### EXERCISE OBJECTIVE
The listing is to be returned word for word, without its images.

### DATA SEGMENT
- - - -

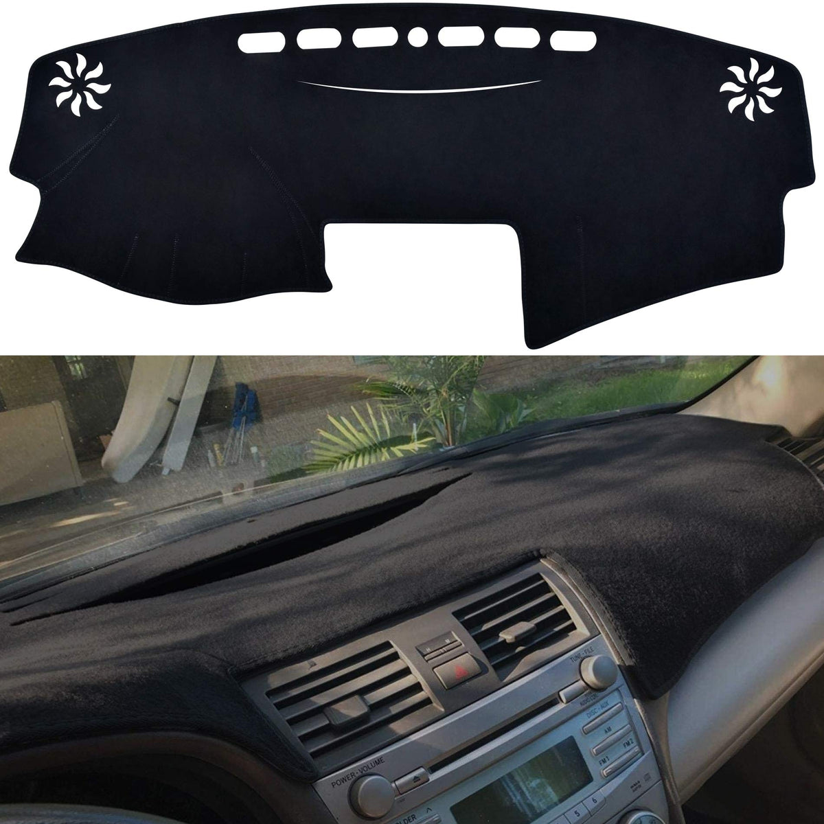 The Dash Board Cover Mat compatible with 2007 2008 2009 2010 2011 Toyota Camry. | This dash cover protects the dash surface from ultraviolet rays that can cause cracks and warping. It can cover blemishes and imperfections of old dashboards. The dash cover also helps reduce hazardous windshield glare, keep interiors cooler in the summer and warmer in the winter. | Dash covers are a great way to reduce windshield glare. The vehicles that experience windshield glare though should go towards darker colors like black or charcoal that will absorb light versus reflect light. | Face fabric is Solution Dyed Polyester with high UV inhibitors for consistent color and maximum color fastness over time in the sun. The Suede is a low knap for a flat, low glare finish and will have high-low shading effects typical of Suede material. | The vents and speakers-We know how important A/C is your truck. We won't block any of the vents and will have cutouts for them. With speakers any flat speakers we cover but also don't worry the material is specially designed not to obstruct sound. If you have any questions during use, please contact us at the first time, we will give you a satisfactory answer.
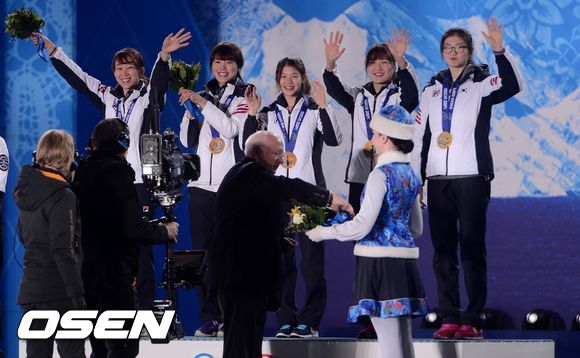 경기를 마치고 19일(한국시간) 러시아 소치 해안 클러스터 내 올림픽 파크 시상식에서 쇼트트랙 여자 계주 시상식이 진행되고 있다. / soul1014@osen.co.kr
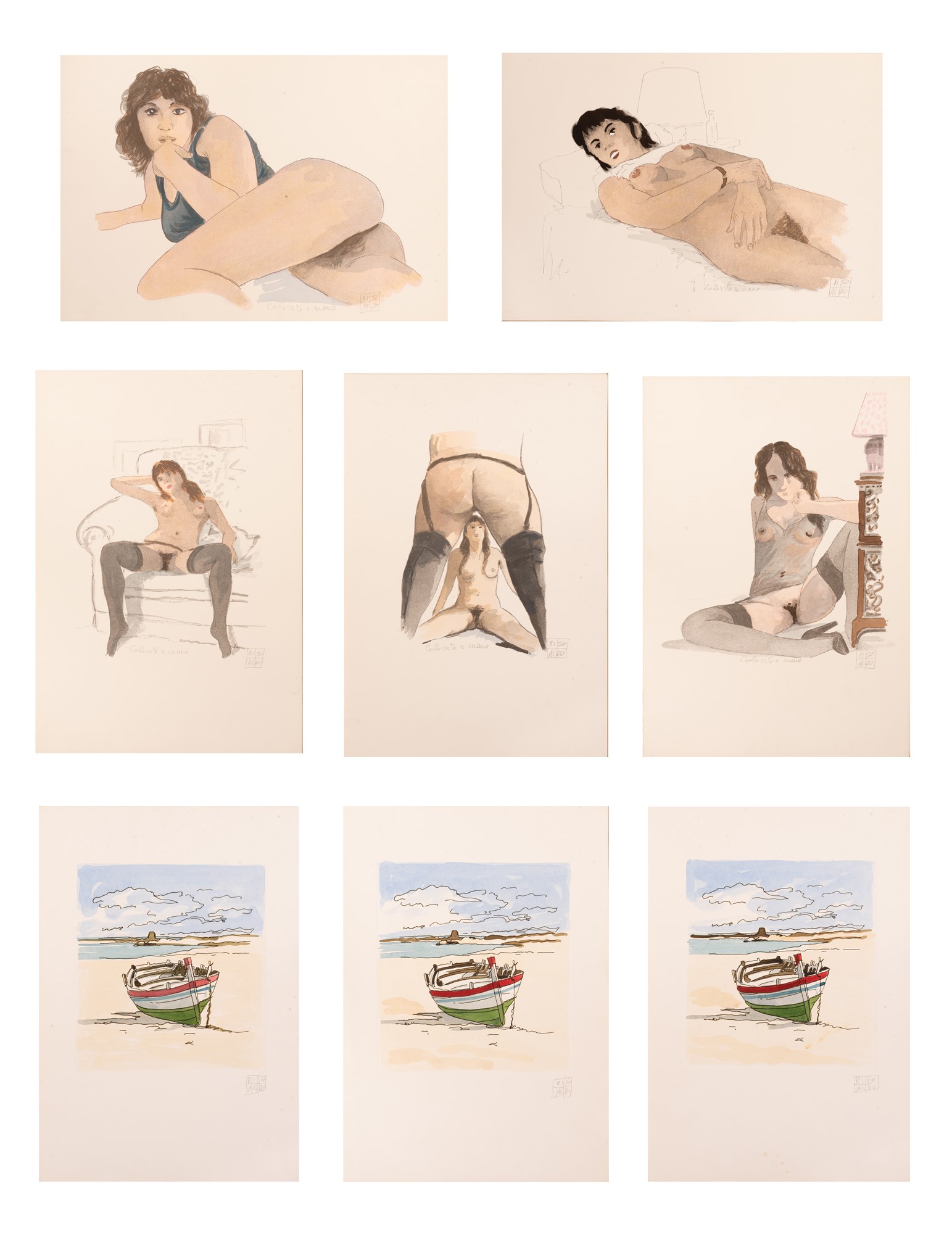 Aldo Riso (Santa Maria di Leuca, 1929 - 2009) Lotto di 8 serigrafie: 5 nudi e 3 marine Serigrafie cm 51x36

- - - -

### RESPONSE BELOW
 The Dash Board Cover Mat compatible with 2007 2008 2009 2010 2011 Toyota Camry. | This dash cover protects the dash surface from ultraviolet rays that can cause cracks and warping. It can cover blemishes and imperfections of old dashboards. The dash cover also helps reduce hazardous windshield glare, keep interiors cooler in the summer and warmer in the winter. | Dash covers are a great way to reduce windshield glare. The vehicles that experience windshield glare though should go towards darker colors like black or charcoal that will absorb light versus reflect light. | Face fabric is Solution Dyed Polyester with high UV inhibitors for consistent color and maximum color fastness over time in the sun. The Suede is a low knap for a flat, low glare finish and will have high-low shading effects typical of Suede material. | The vents and speakers-We know how important A/C is your truck. We won't block any of the vents and will have cutouts for them. With speakers any flat speakers we cover but also don't worry the material is specially designed not to obstruct sound. If you have any questions during use, please contact us at the first time, we will give you a satisfactory answer.
 경기를 마치고 19일(한국시간) 러시아 소치 해안 클러스터 내 올림픽 파크 시상식에서 쇼트트랙 여자 계주 시상식이 진행되고 있다. / soul1014@osen.co.kr
 Aldo Riso (Santa Maria di Leuca, 1929 - 2009) Lotto di 8 serigrafie: 5 nudi e 3 marine Serigrafie cm 51x36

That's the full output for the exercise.